**Exercise description:**
Your answer must be only the lines below from the one containing "Military style security" through the one containing "かなりのカビ&ホコリエアコンでしたので、外に分解台を設けて作業しました。", copied exactly, with the pictures left out.

**Supplied data:**
======

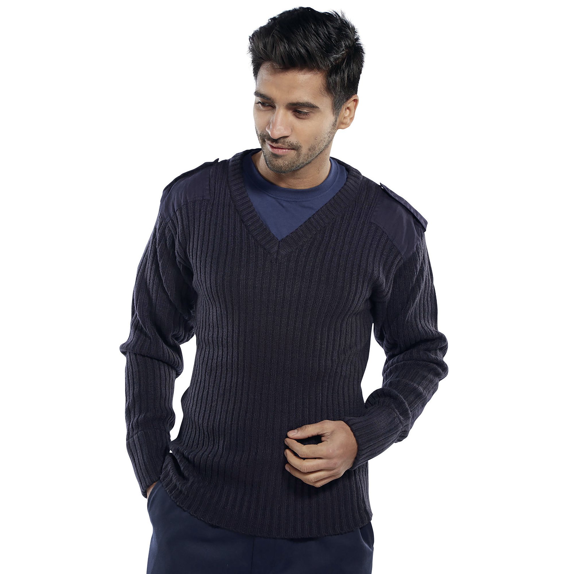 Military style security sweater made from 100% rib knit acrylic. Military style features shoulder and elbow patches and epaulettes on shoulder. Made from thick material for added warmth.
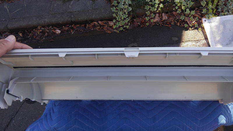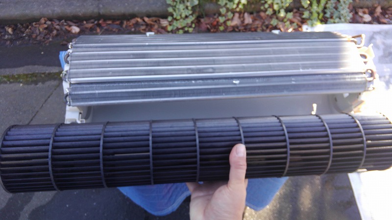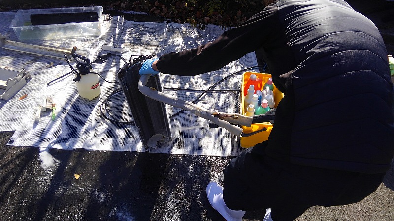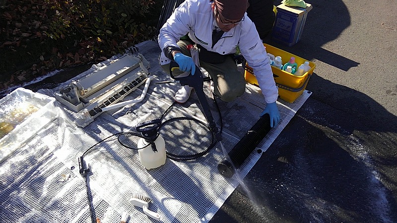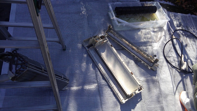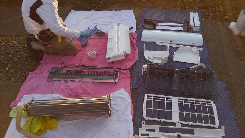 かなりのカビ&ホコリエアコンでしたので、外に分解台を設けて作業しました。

======

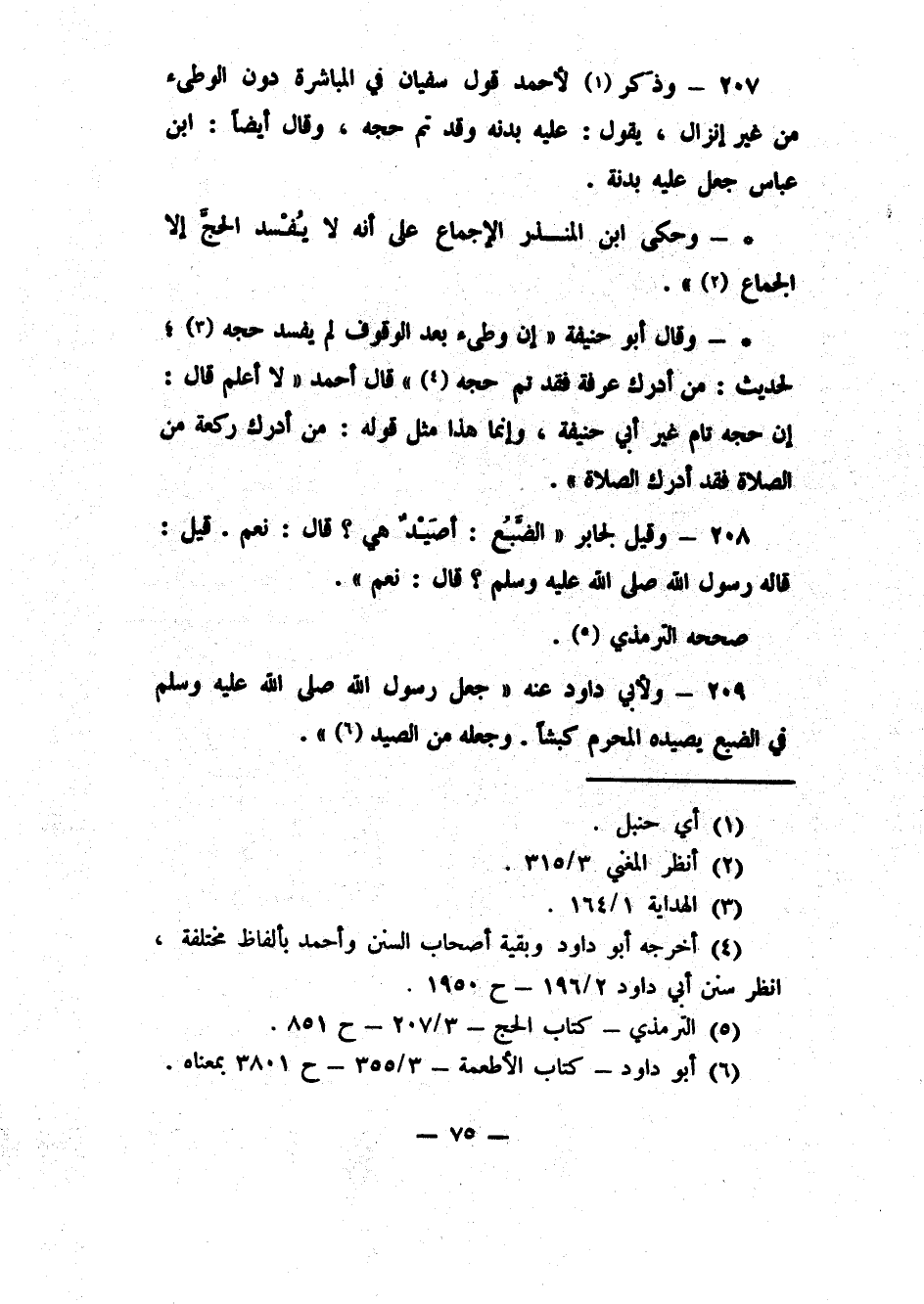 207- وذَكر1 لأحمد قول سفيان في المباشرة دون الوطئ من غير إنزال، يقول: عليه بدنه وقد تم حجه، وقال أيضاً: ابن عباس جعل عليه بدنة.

======

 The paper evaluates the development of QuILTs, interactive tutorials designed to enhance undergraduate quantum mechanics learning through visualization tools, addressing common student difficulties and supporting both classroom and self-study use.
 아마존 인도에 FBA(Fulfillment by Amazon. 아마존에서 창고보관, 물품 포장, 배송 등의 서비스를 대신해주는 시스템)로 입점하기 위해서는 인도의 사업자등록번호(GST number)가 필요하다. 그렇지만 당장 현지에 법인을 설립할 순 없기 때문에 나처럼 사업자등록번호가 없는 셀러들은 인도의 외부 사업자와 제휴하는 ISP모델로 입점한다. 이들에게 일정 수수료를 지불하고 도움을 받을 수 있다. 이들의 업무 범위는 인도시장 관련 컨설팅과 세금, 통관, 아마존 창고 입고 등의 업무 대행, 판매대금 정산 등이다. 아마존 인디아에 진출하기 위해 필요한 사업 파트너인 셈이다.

======

**Exercise response:**
 Military style security sweater made from 100% rib knit acrylic. Military style features shoulder and elbow patches and epaulettes on shoulder. Made from thick material for added warmth.
 かなりのカビ&ホコリエアコンでしたので、外に分解台を設けて作業しました。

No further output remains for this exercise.